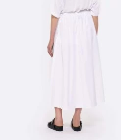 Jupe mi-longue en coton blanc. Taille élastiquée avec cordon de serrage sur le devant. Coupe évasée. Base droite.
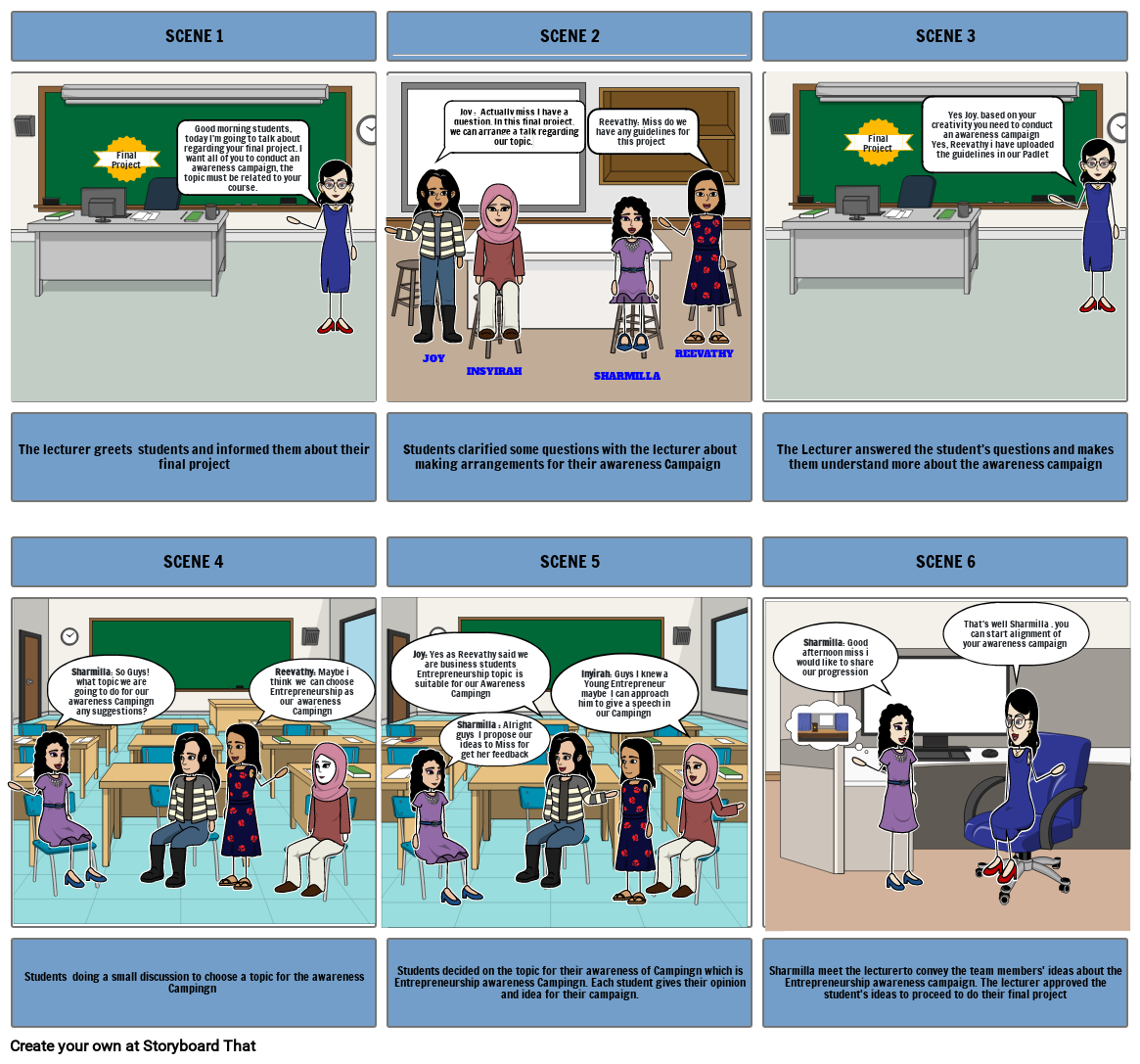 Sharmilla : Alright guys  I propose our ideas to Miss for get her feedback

--------------------------------------------------

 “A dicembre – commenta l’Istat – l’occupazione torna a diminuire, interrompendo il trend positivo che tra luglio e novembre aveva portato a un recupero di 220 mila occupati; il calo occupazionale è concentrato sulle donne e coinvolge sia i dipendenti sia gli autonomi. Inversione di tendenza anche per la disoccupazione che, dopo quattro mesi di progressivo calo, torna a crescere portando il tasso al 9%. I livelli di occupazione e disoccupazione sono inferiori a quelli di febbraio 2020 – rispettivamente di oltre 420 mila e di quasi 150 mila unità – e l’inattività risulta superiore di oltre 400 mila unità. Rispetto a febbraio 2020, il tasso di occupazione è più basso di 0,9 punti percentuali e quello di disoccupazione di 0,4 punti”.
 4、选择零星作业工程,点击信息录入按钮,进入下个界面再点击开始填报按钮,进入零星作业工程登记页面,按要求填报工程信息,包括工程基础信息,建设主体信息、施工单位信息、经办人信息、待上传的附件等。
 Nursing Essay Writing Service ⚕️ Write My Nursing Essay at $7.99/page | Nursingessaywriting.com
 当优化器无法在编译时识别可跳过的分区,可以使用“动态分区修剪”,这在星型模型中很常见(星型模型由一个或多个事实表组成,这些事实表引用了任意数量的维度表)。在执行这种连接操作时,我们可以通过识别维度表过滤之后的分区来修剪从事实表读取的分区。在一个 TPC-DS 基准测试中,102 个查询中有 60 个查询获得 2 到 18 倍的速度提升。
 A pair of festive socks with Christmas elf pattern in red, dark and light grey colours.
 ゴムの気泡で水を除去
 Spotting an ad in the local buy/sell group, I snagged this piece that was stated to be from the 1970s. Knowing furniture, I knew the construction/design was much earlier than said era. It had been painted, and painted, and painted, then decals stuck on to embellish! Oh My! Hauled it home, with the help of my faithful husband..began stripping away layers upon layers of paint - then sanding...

--------------------------------------------------

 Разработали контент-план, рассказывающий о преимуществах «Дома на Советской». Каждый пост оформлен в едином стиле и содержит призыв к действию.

--------------------------------------------------

Report each line in the preceding entries that holds the string "with".

 A pair of festive socks with Christmas elf pattern in red, dark and light grey colours.
 Spotting an ad in the local buy/sell group, I snagged this piece that was stated to be from the 1970s. Knowing furniture, I knew the construction/design was much earlier than said era. It had been painted, and painted, and painted, then decals stuck on to embellish! Oh My! Hauled it home, with the help of my faithful husband..began stripping away layers upon layers of paint - then sanding...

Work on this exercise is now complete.